Data for processing section start
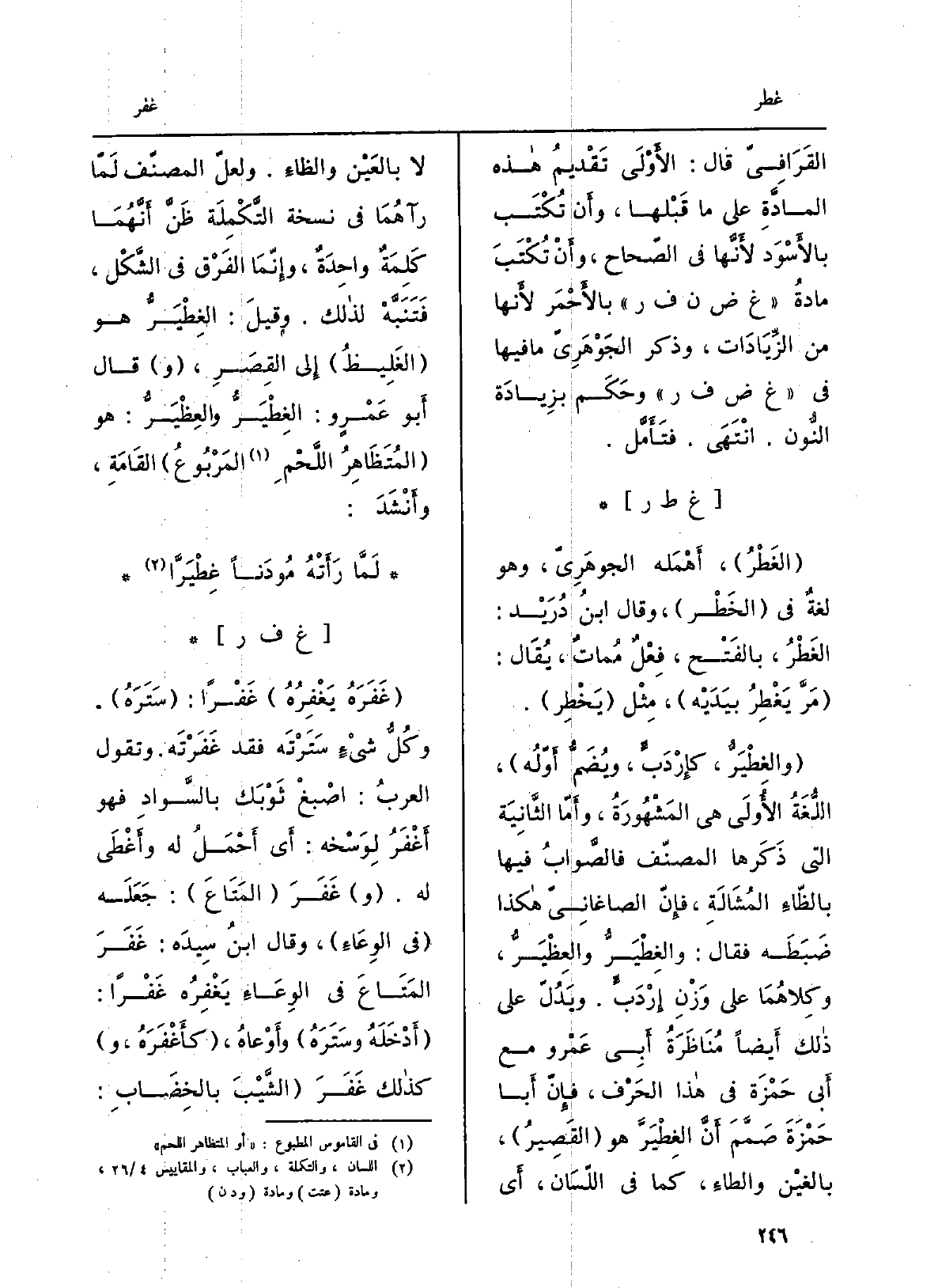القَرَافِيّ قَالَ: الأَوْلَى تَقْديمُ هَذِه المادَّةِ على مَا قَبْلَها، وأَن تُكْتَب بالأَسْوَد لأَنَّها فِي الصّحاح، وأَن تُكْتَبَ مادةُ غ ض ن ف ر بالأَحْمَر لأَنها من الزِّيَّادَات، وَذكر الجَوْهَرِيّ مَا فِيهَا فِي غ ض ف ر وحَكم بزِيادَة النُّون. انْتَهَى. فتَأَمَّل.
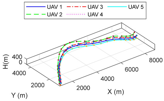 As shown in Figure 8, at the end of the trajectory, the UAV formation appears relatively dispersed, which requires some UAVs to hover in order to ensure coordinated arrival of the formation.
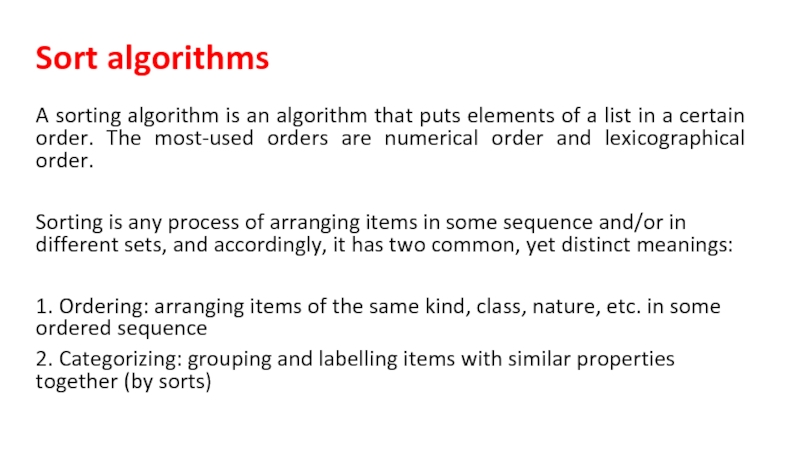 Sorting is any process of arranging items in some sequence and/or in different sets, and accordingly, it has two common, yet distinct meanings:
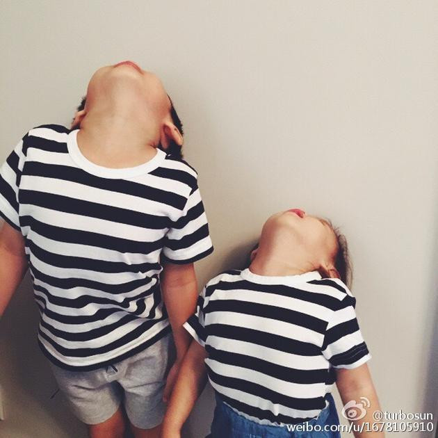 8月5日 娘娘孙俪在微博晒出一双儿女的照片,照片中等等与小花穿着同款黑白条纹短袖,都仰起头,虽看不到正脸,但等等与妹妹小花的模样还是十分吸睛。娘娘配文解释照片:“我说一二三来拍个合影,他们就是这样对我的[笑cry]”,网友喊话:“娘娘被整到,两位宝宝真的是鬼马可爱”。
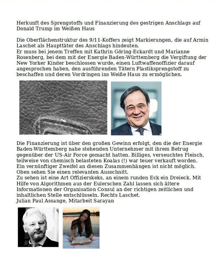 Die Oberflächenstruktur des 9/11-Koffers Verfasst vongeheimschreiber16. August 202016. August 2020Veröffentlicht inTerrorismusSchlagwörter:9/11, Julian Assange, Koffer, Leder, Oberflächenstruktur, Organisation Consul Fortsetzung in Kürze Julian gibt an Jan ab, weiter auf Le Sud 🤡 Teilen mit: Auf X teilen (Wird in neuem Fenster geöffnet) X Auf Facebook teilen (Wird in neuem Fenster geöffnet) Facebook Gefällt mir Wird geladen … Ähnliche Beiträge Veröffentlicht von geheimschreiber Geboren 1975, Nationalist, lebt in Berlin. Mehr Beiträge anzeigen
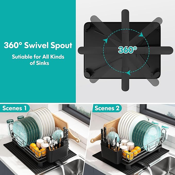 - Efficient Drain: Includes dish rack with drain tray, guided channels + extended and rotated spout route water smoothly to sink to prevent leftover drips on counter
Data for processing section end
→ Problem to solve
Beginning with the first line of the records, write out every line up to and including the one with "8月5日 娘娘孙俪在微博晒出", exactly, and omit all pictures.

→ Solution to this task
القَرَافِيّ قَالَ: الأَوْلَى تَقْديمُ هَذِه المادَّةِ على مَا قَبْلَها، وأَن تُكْتَب بالأَسْوَد لأَنَّها فِي الصّحاح، وأَن تُكْتَبَ مادةُ غ ض ن ف ر بالأَحْمَر لأَنها من الزِّيَّادَات، وَذكر الجَوْهَرِيّ مَا فِيهَا فِي غ ض ف ر وحَكم بزِيادَة النُّون. انْتَهَى. فتَأَمَّل.
 As shown in Figure 8, at the end of the trajectory, the UAV formation appears relatively dispersed, which requires some UAVs to hover in order to ensure coordinated arrival of the formation.
 Sorting is any process of arranging items in some sequence and/or in different sets, and accordingly, it has two common, yet distinct meanings:
 8月5日 娘娘孙俪在微博晒出一双儿女的照片,照片中等等与小花穿着同款黑白条纹短袖,都仰起头,虽看不到正脸,但等等与妹妹小花的模样还是十分吸睛。娘娘配文解释照片:“我说一二三来拍个合影,他们就是这样对我的[笑cry]”,网友喊话:“娘娘被整到,两位宝宝真的是鬼马可爱”。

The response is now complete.